* [INSTRUCTIONS TO FOLLOW]: Please output exactly the lines below, starting at the line that has "横倒れ防止のタイダウンベルトも付いているので安心!! ■商品仕様 折りたたみ式" and ending at the line that has "段々畑にたくさん咲いた菜の花 国営みちのく杜の湖畔公園 宮城県川崎町", both included; leave out all pictures and include nothing else.

* [PROVIDED RECORDS]:

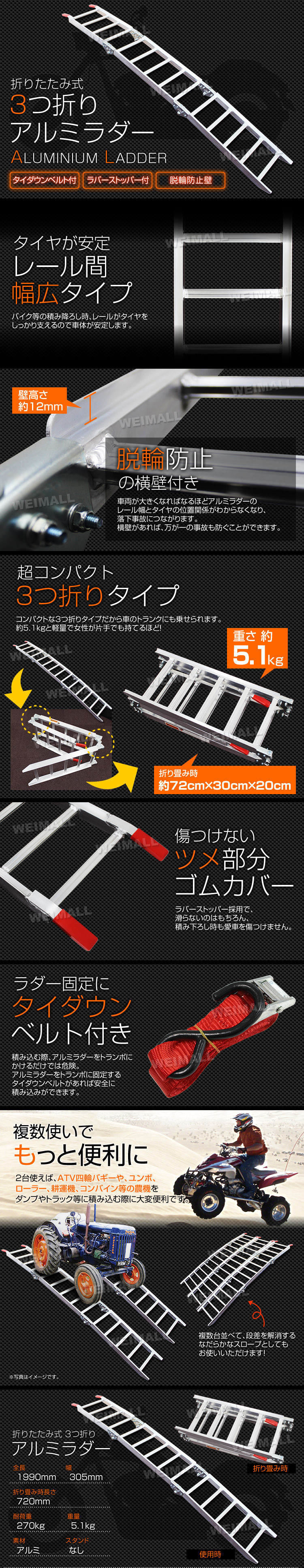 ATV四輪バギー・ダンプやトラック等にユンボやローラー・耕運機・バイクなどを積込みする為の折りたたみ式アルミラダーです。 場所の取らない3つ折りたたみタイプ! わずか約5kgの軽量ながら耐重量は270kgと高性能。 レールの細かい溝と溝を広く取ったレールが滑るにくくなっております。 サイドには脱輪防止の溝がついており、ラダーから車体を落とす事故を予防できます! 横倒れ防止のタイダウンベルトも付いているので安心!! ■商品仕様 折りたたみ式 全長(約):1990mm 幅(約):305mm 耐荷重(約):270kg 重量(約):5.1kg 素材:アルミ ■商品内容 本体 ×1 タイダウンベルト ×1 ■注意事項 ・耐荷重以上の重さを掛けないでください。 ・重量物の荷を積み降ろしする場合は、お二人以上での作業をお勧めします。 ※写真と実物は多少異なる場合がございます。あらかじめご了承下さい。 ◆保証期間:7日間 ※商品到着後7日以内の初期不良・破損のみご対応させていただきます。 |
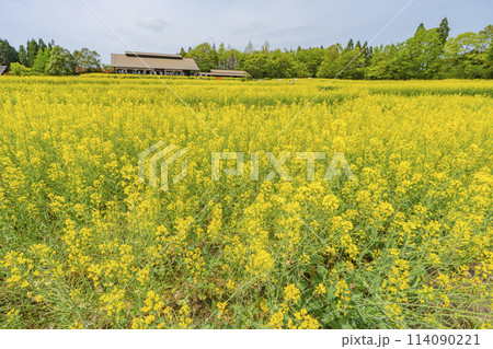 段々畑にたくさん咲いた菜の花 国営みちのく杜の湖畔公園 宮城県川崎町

* * *

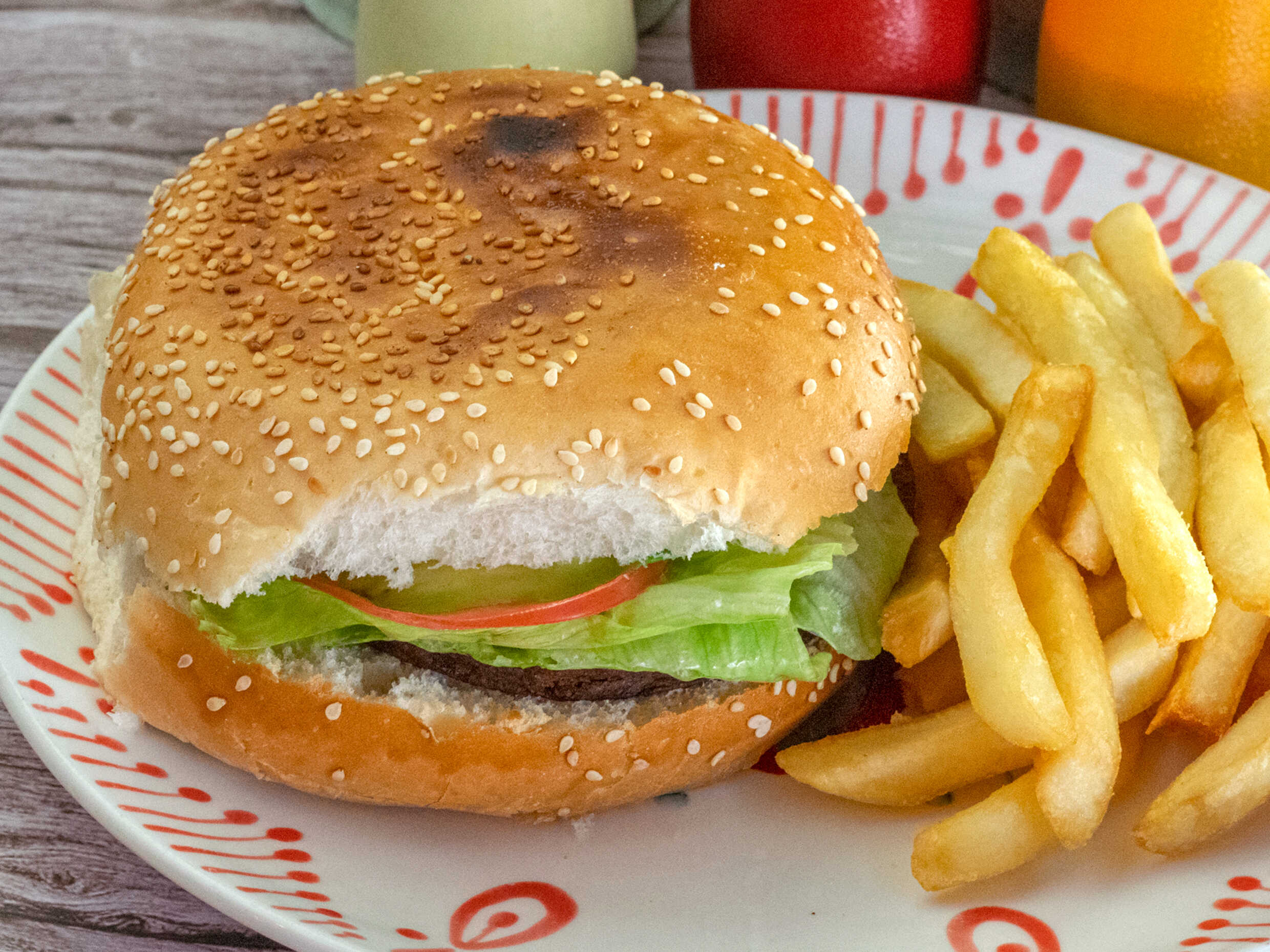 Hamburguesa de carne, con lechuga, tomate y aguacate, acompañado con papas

---

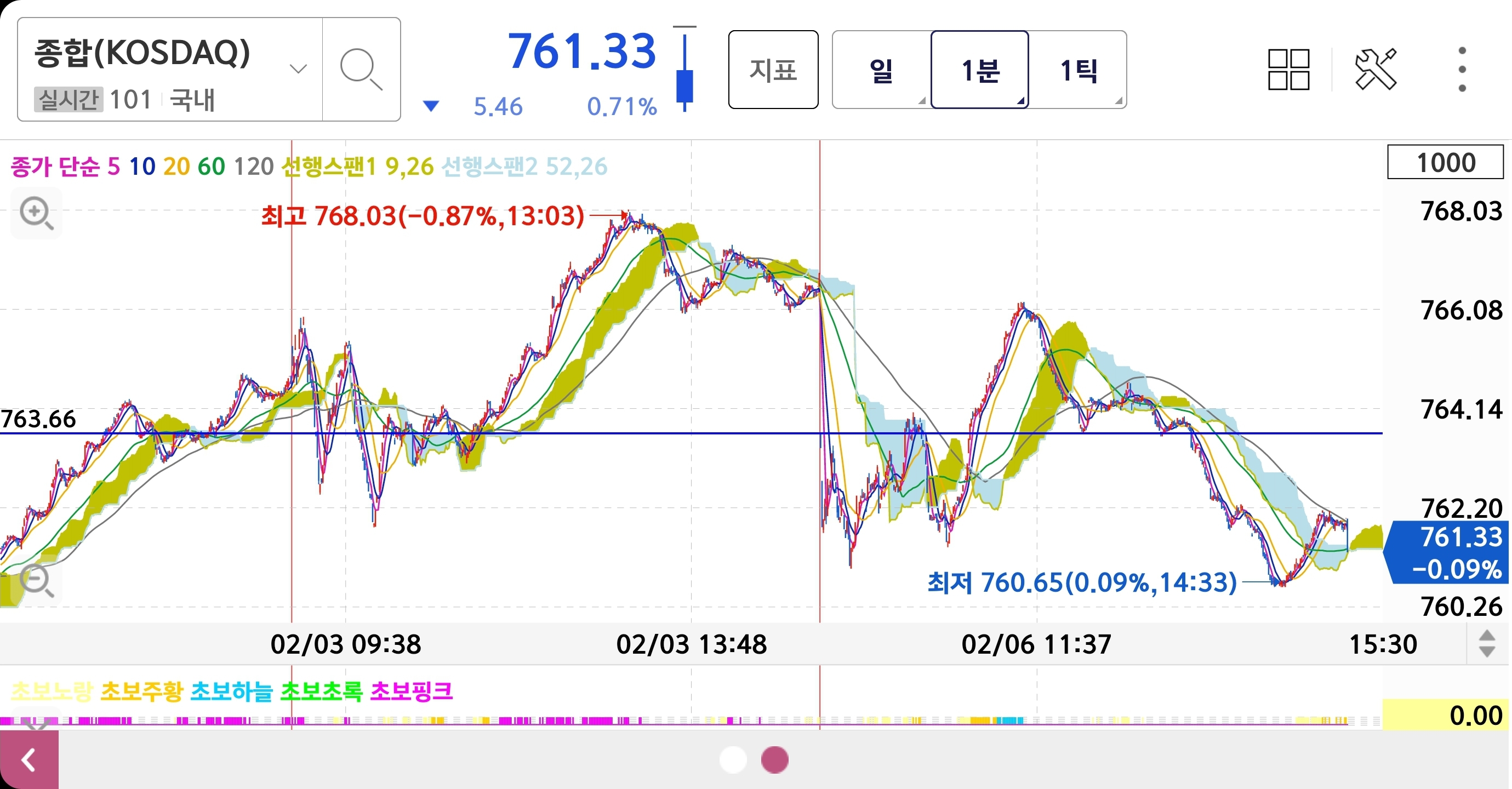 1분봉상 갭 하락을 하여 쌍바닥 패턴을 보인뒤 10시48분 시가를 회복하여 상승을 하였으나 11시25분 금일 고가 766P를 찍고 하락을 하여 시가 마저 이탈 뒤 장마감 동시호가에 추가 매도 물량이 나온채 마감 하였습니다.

* [RESPONSE AREA]:
 ATV四輪バギー・ダンプやトラック等にユンボやローラー・耕運機・バイクなどを積込みする為の折りたたみ式アルミラダーです。 場所の取らない3つ折りたたみタイプ! わずか約5kgの軽量ながら耐重量は270kgと高性能。 レールの細かい溝と溝を広く取ったレールが滑るにくくなっております。 サイドには脱輪防止の溝がついており、ラダーから車体を落とす事故を予防できます! 横倒れ防止のタイダウンベルトも付いているので安心!! ■商品仕様 折りたたみ式 全長(約):1990mm 幅(約):305mm 耐荷重(約):270kg 重量(約):5.1kg 素材:アルミ ■商品内容 本体 ×1 タイダウンベルト ×1 ■注意事項 ・耐荷重以上の重さを掛けないでください。 ・重量物の荷を積み降ろしする場合は、お二人以上での作業をお勧めします。 ※写真と実物は多少異なる場合がございます。あらかじめご了承下さい。 ◆保証期間:7日間 ※商品到着後7日以内の初期不良・破損のみご対応させていただきます。 |
 段々畑にたくさん咲いた菜の花 国営みちのく杜の湖畔公園 宮城県川崎町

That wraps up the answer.